4. The heating optimization method as described in claim 1, characterized in that, Before the step of constructing a heating assessment model based on the user behavior data using the optimized long short-term memory network algorithm, the method further includes: Based on the bat algorithm, an improved bat algorithm is obtained by optimizing the update methods of bat frequency, position, and speed; The parameters of the Long Short-Term Memory (LSTM) network algorithm are optimized using the improved bat algorithm to obtain the optimized LSM network algorithm.

5. The heating optimization method as described in claim 1, characterized in that, Before the step of adjusting the weighting coefficients of temperature measurement points based on user behavior data and real-time weather data to obtain the adjusted weighting coefficients, the method further includes: Multiple temperature measurement points are set up, and user behavior data is collected by smart devices through these multiple temperature measurement points within a preset period.
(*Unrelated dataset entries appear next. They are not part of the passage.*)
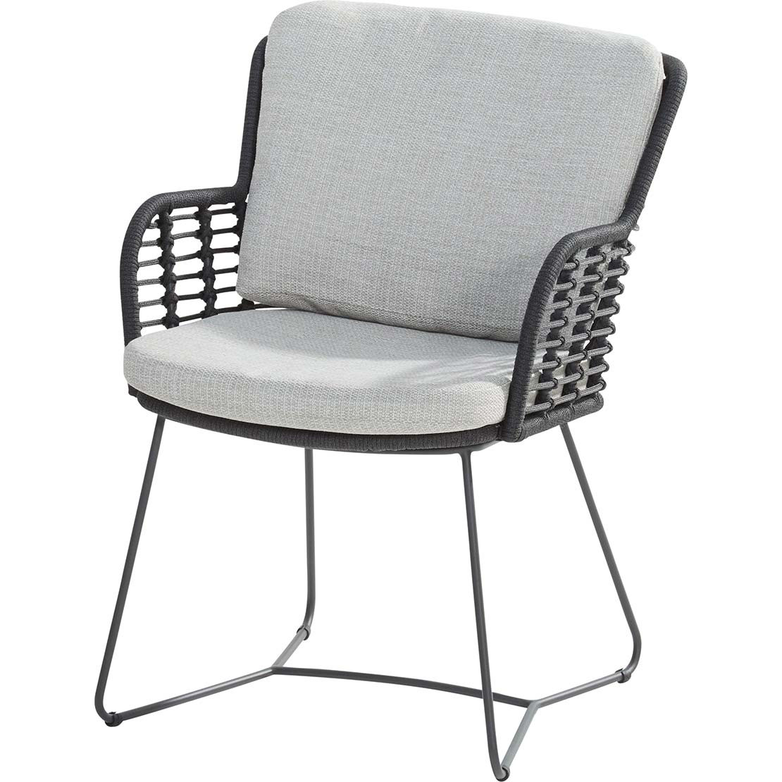 Het zitgedeelte heeft een stevig frame waar het elegante rope omheen is geweven. De ronde draden zijn voorzien van een kunststof kern welke wordt omhult door een acryl stof vergelijkbaar met de weerbestendige tuinkussens. Hierdoor voelt het rope zacht aan en is het toch weerbestendig, Uv-bestendig en zeer kleurvast. De poten zijn gemaakt van RVS in 304 kwaliteit. Deze poten worden vervolgens voorzien van een coating om ze optimaal te beschermen tegen de weersinvloeden zodat er nauwelijks onderhoud nodig is. Om voor nog meer comfort te zorgen worden standaard een rug- en zitkussens meegeleverd. Deze kussens zijn voorzien van een Olefin hoes waardoor ze tevens weerbestendig zijn. Vrijwel iedere kussenhoes is afritsbaar en makkelijk te wassen in de wasmachine op 30°C.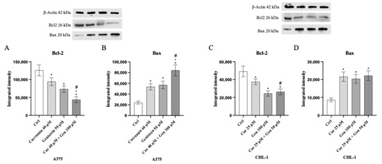 The graphs show Bcl-2 (A) and Bax (B) protein expression in A375 cells and Bcl-2 (C) and Bax (D) in CHL-1 cells treated with curcumin, genistein and curcumin + genistein. The data are expressed as means ± SD. * p < 0.05 vs. CTRL; # p < 0.05 vs. curcumin; ° p < 0.05 vs. genistein.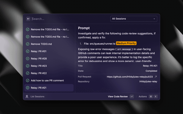 • Launch & Manage: Start new Google Jules sessions from anywhere and manage them in a unified view.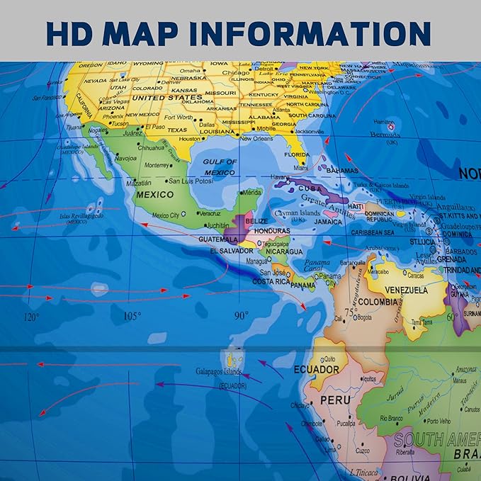 - Large Size & HD Map Information - This educational globe stands 17 inches tall and 13 inches in diameter, with its large size making map information easy to see at a glance. High-Definition printing makes the globe with clear geographic details of Earth.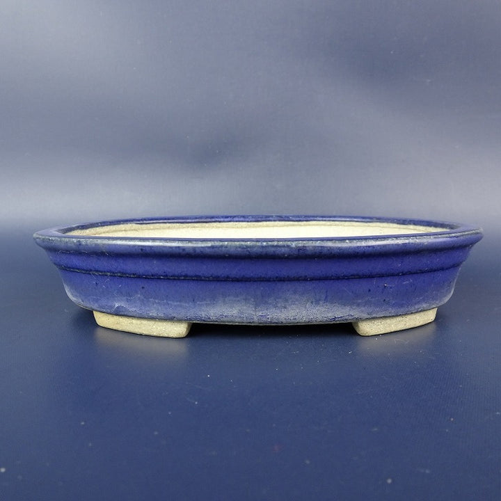 中古盆栽鉢 落款あり 小型 長辺 約14.3cm 楕円鉢 外縁 中帯 釉薬 中古鉢 k1198413310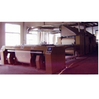 一、 概述 本系列漿紗機(jī)應(yīng)用于紡織工業(yè)前織準(zhǔn)備工程,完成上漿工序。同時(shí)適應(yīng)有梭及及無梭織機(jī)的配套需要,滿足淀粉漿、化學(xué)漿、混合漿對(duì)純棉、麻、及其混紡織物化纖及其混紡織物、化纖及其混紡物的經(jīng)紗上漿。 將成批整經(jīng)經(jīng)軸的細(xì)紗在本機(jī)上進(jìn)行合并、上漿、烘干、上蠟、分紗、計(jì)長,并按工藝規(guī)定的匹長打墨印,再以恒定的張力卷成織軸后,供給后道穿綜織造工序。 本系列漿紗機(jī)可組合8烘筒、10烘筒、12烘筒式大卷裝紗機(jī)(見圖)。以滿足不同用戶、不同織物品種、不同上漿工藝的要求。 本系列漿紗機(jī)由以下幾部分組成:車頭、漿槽、全烘筒烘房、軸架、電柜。 二、整機(jī)主要技術(shù)參數(shù) A,車頭: 1、適應(yīng)范圍:8.5-90Tex棉、麻及其混紡織物、化纖及其混紡物等短纖維經(jīng)紗。 2、幅寬系列:2000mm、2800mm、3300mm、3600mm。 3、機(jī)器速度:1m/min-100m/min。 4、織軸卷裝:Ф800。Ф1016 5、裝機(jī)容量:200型全烘筒大卷裝漿紗機(jī)40KW。 280型全烘筒大卷裝漿紗機(jī)50KW。 6、外型尺寸:200型全烘筒大卷裝漿紗機(jī)20800mmх5200mmх2950mm。 280型全烘筒大卷裝漿紗機(jī)24500mmх5200mmх2950mm。 7、機(jī)器重量:200型全烘筒大卷裝漿紗機(jī)20T,280型全烘筒大卷裝漿紗機(jī)21T。 8、卷繞張力:0—7000N(無級(jí)設(shè)定,自動(dòng)跟隨) 9、分絞區(qū)張力:0—60000N(無級(jí)設(shè)定,自動(dòng)跟隨) 整機(jī)車頭結(jié)構(gòu)緊湊,機(jī)身左中右都設(shè)有操作按鈕,方便操作。電動(dòng)移動(dòng)拍合箱,氣動(dòng)上落軸,自動(dòng)對(duì)位,與織軸尺寸無關(guān)。 30KW電機(jī)通過齒輪傳動(dòng)箱減速后通過傳動(dòng)軸鏈條傳動(dòng)織軸,變頻器對(duì)卷繞張力自動(dòng)跟隨。與織軸卷徑個(gè)變化無關(guān)。 15KW電機(jī)通過減速機(jī)后經(jīng)XP1由鏈條傳動(dòng)拽引輥。XP1通過調(diào)整拽引輥速度來達(dá)到調(diào)整干區(qū)張力的目的。拽引輥裝置配置一根拽引棍,直徑Ф250mm,包覆邵氏70度軟橡膠,一根測(cè)長加壓棍,直徑Ф160mm,氣動(dòng)上下,一端裝有旋轉(zhuǎn)編碼器,用以測(cè)量經(jīng)紗長度。 B,上蠟裝置: 配置一套上蠟裝置,上蠟輥直徑Ф100mm,表面鍍硬鉻,由一根直徑Ф150mm的導(dǎo)紗輥通過減速箱和鏈條來傳動(dòng)上蠟輥,使得上蠟輥的表面速度與紗線速度保持了一個(gè)固定的比例關(guān)系。預(yù)融斗與蠟槽內(nèi)設(shè)有不銹鋼蒸氣管道,用于間接加熱。 C,漿槽: 雙漿槽,每只漿槽的壓漿形式都為雙浸四壓,主壓漿輥?zhàn)畲髩簼{為40KN。漿槽槽體采用夾層結(jié)構(gòu)并分為主漿槽與輔漿槽,內(nèi)外層都為不銹鋼結(jié)構(gòu),輔助漿槽設(shè)有液面控制器,通過氣動(dòng)球閥能自動(dòng)補(bǔ)充新漿至輔助漿槽中。主漿槽設(shè)有液面調(diào)節(jié)裝置,可預(yù)設(shè)主漿槽的液面高度。主輔漿槽內(nèi)均設(shè)有不銹鋼魚鱗管進(jìn)行間接加熱,夾層用以間接加熱和保溫。 D,烘燥裝置: 有平型和高架對(duì)角兩種結(jié)構(gòu),最多可以分為進(jìn)行四分層烘燥,該烘燥部件由12只直徑Ф800mm的烘筒組成,其中有四只涂聚四氟乙烯,分成三個(gè)獨(dú)立組件。 E,軸架: 實(shí)用整經(jīng)軸數(shù):20只 經(jīng)軸盤片直徑:Ф800mm—Ф1000mm 經(jīng)紗寬度:1400mm—1800mm 鋼架結(jié)構(gòu),10排,雙層,固定形式。 整經(jīng)軸兩端的軸承裝在可調(diào)支撐座上,通過手輪和螺紋可對(duì)兩邊軸襯進(jìn)行精細(xì)調(diào)節(jié)。在整經(jīng)軸架的右測(cè)安裝有氣動(dòng)抱閘裝置,該氣動(dòng)裝置由制動(dòng)氣缸,剎車帶,能預(yù)設(shè)制動(dòng)力的制動(dòng)杠桿,連接退繞張力控制器的氣動(dòng)管線組成。 在兩臺(tái)漿槽的后側(cè)分別安裝了一套退繞張力測(cè)量裝置,用以測(cè)量經(jīng)紗退繞張力,測(cè)量范圍:0—3000N。測(cè)量系統(tǒng)為一個(gè)固定的導(dǎo)輥,其一端裝有張力傳感器,通過張力傳感器來直接測(cè)量片紗的張力,測(cè)量信號(hào)通過張力變送器處理后送給PLC與設(shè)定值進(jìn)行比較,再由PLC根據(jù)比較結(jié)果通過電氣比例閥來直接控制退繞制動(dòng)氣壓,從而保證了與經(jīng)軸直徑變化無關(guān)和恒張力退繞效果。該裝置也能手動(dòng)控制,用以模擬相關(guān)的退繞狀態(tài),以獲取最佳的退繞設(shè)定數(shù)據(jù)。制動(dòng)氣壓壓力范圍為0—0.6MPA。 F,電控與氣動(dòng) 本機(jī)電氣設(shè)計(jì)可靠,合理。在實(shí)際工作過程中,人機(jī)工作界面設(shè)計(jì)非常友好,操作也很簡易,所有控制數(shù)據(jù)如:匹長,匹數(shù),車速,退繞張力控制形式,制動(dòng)力的大小,壓漿力控制形式,大小,繞卷張力大小,溫度控制模式,大小等數(shù)據(jù)都是從人機(jī)界面上輸入,并與實(shí)際工作情況相對(duì)照。在設(shè)備發(fā)生故障時(shí),在界面上自動(dòng)記錄故障與狀態(tài)信息。比傳統(tǒng)設(shè)備先進(jìn)的是所有質(zhì)控點(diǎn)的數(shù)據(jù)都是直接監(jiān)控,并以數(shù)字形式輸入和輸出,以設(shè)定后自動(dòng)跟隨的模式徹底消除了過去那種憑擋車工的感覺與經(jīng)驗(yàn)來調(diào)整設(shè)備的操作模式。

Obtain real-time weather data from meteorological services within a preset period; The user behavior data and the real-time weather data are preprocessed, including data cleaning and normalization.

6. The heating optimization method as described in claim 1, characterized in that, The step of constructing a heating assessment model based on the user behavior data using the optimized long short-term memory network algorithm includes: The user behavior data and the real-time weather data are used as time series data; The time series data is preliminarily analyzed using time series analysis techniques to obtain the characteristics of the time series data; Extract time series features from the time series data; Based on the characteristics and features of the time series data, design the network structure of the optimized Long Short-Term Memory network algorithm; A heating assessment model is constructed based on the network structure and the factors that have the greatest impact on the heating load assessment.

7. A heating optimization device, characterized in that, The heating optimization device includes: The weight adjustment module is used to adjust the weight coefficients of temperature measurement points based on user behavior data and real-time weather data, and obtain the adjusted weight coefficients. The factor screening module is used to analyze the factors affecting the heating assessment based on the adjusted weight coefficients using a sensitivity analysis method, and to obtain the factors with the greatest impact on the heating assessment. The model building module is used to build a heating assessment model based on the user behavior data, using an optimized long short-term memory network algorithm. The parameter optimization module is used to input the user behavior data, the real-time weather data, and the factors with the greatest impact on the heating assessment into the heating assessment model, obtain the assessment results, and optimize the heating control parameters and operating parameters based on the assessment results.

8. A heating optimization device, characterized in that, The heating optimization device includes: a memory, a processor, and a heating optimization program stored in the memory and executable on the processor, wherein the heating optimization program, when executed by the processor, implements the heating optimization method as described in any one of claims 1 to 6.

9. A storage medium, characterized in that, The storage medium stores a heating optimization program, which, when executed by a processor, implements the heating optimization method as described in any one of claims 1 to 6.

10. A computer program product, characterized in that, The computer program product includes a heating optimization program, which, when executed by a processor, implements the heating optimization method as described in any one of claims 1 to 6.